Аполлон с готовностью кивнул.
– И напомните, чтобы я отдал вам одну прелюбопытную книгу… У вас ведь, кажется, завтра выходной?
– Не совсем. Завтра у меня тренировка.
– Точно. Помню, видел вас прошлым воскресеньем. Сомневался, что это вы, потому и не поздоровался. С трудом вас узнал.
«Вы были не обязаны здороваться», – подумал Аполлон. Но вежливость Гиацинта распространялась на всех студентов без исключения.
– А я вас просто не видел, так узнал бы и с закрытыми глазами, – ляпнул он. Это была глупость, но глупость, хорошо вписавшаяся в это странное утро. Удивительно, но Гиацинт, казалось, слегка смутился, и Аполлон ощутил от этого приятное волнение, будто готовился развернуть подарок в день рождения. «Что ж, Гиацинту предстоит как-то смириться с тем, что я считаю его самым занятным и образованным человеком в этом универе», – мысленно хохотнул он, сделав вид, что увлеченно рассматривает трещинку на чашке.
Но Гиацинт не реагировал так долго, что Аполлону стало ясно: смиряться он не собирался.
– Все-таки на тренировках лучше глаза не закрывайте. – Мягкий, участливый голос.

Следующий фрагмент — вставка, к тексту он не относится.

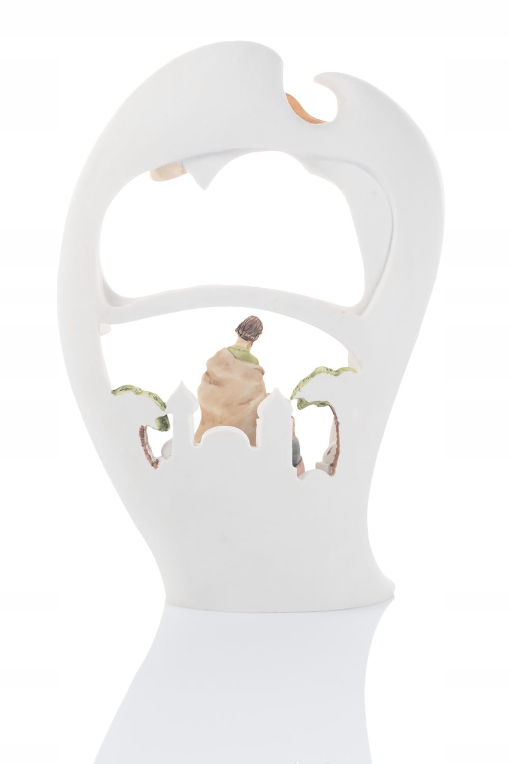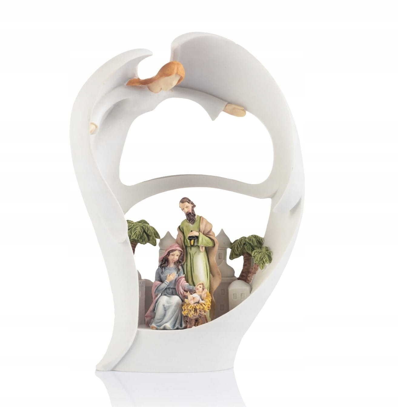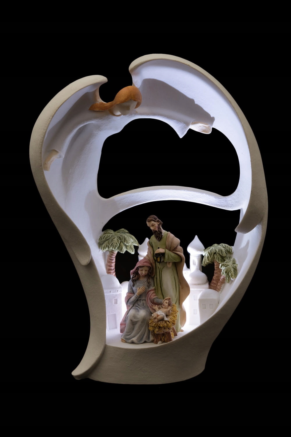 Уникальная рождественская кроватка, изображающая священное семейство, помещенное в фигуру ангела. Фигура символизирует уход за хранителем всего священного семейства.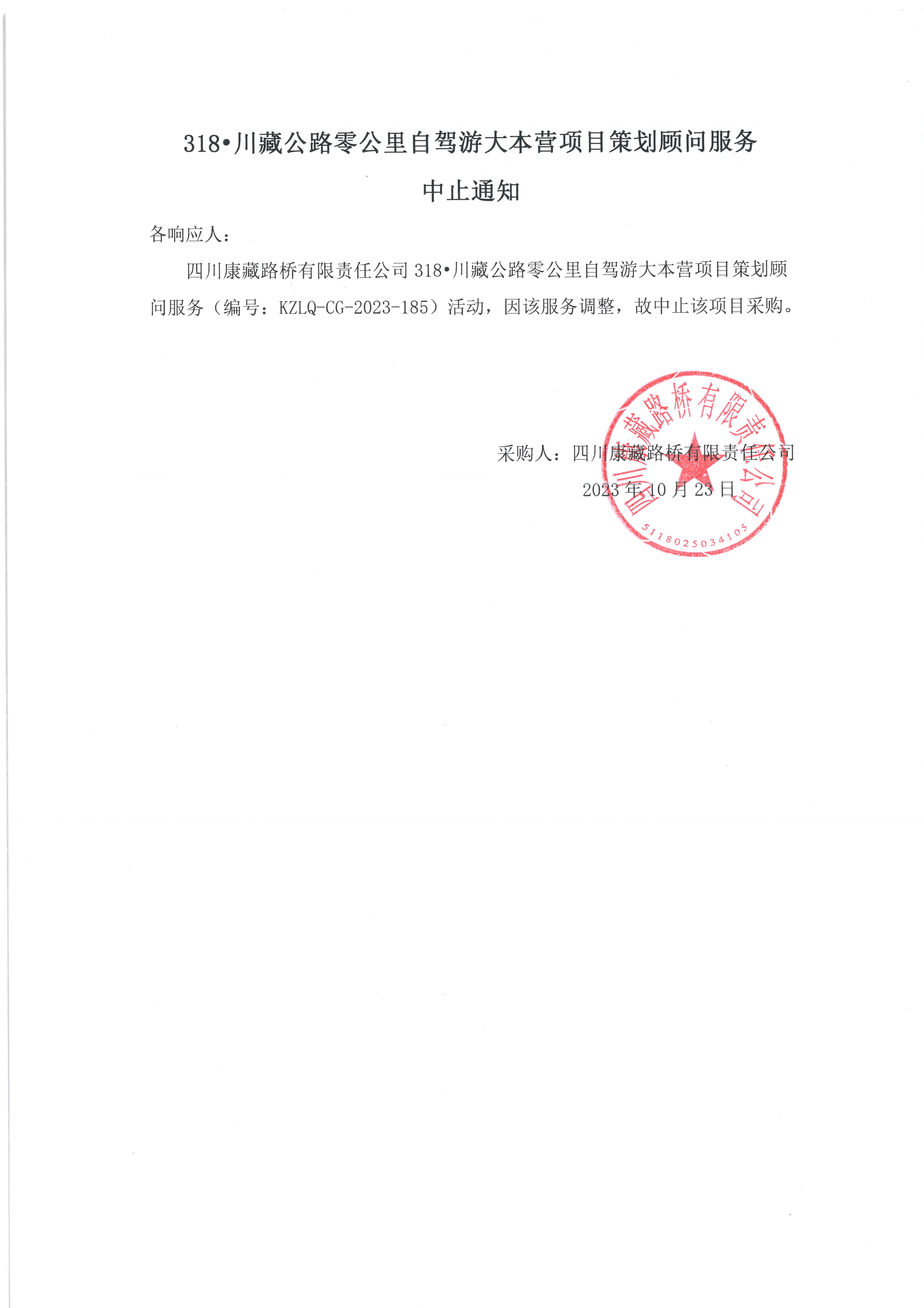 四川康藏路橋有限責(zé)任公司318•川藏公路零公里自駕游大本營(yíng)項(xiàng)目策劃顧問(wèn)服務(wù)中止通知

Аполлон откинулся на спинку стула, глядя в чашку так, будто она нанесла ему личное оскорбление. Он искренне мнил себя неглупым человеком и достаточно хорошо проанализировал свой же характер, чтобы понять: невозможность заполучить желаемое влияет на него пагубно. Он привык добиваться целей. Любой ценой, если потребуется. И слова Гиацинта задели его сильнее, чем должны были. Но Аполлон постарался не давать волю эмоциям. Он изобразил вежливую улыбку и уточнил: «Могу я предложить вам еще одну чашечку кофе?», надеясь, что в его голубых глазах не читалось: «Я сожгу все, что тебе дорого, сяду и буду ждать, когда ты все-таки восхитишься моими знаниями».
– Не откажусь. Эх, плакало мое давление, от двух-то чашек подряд…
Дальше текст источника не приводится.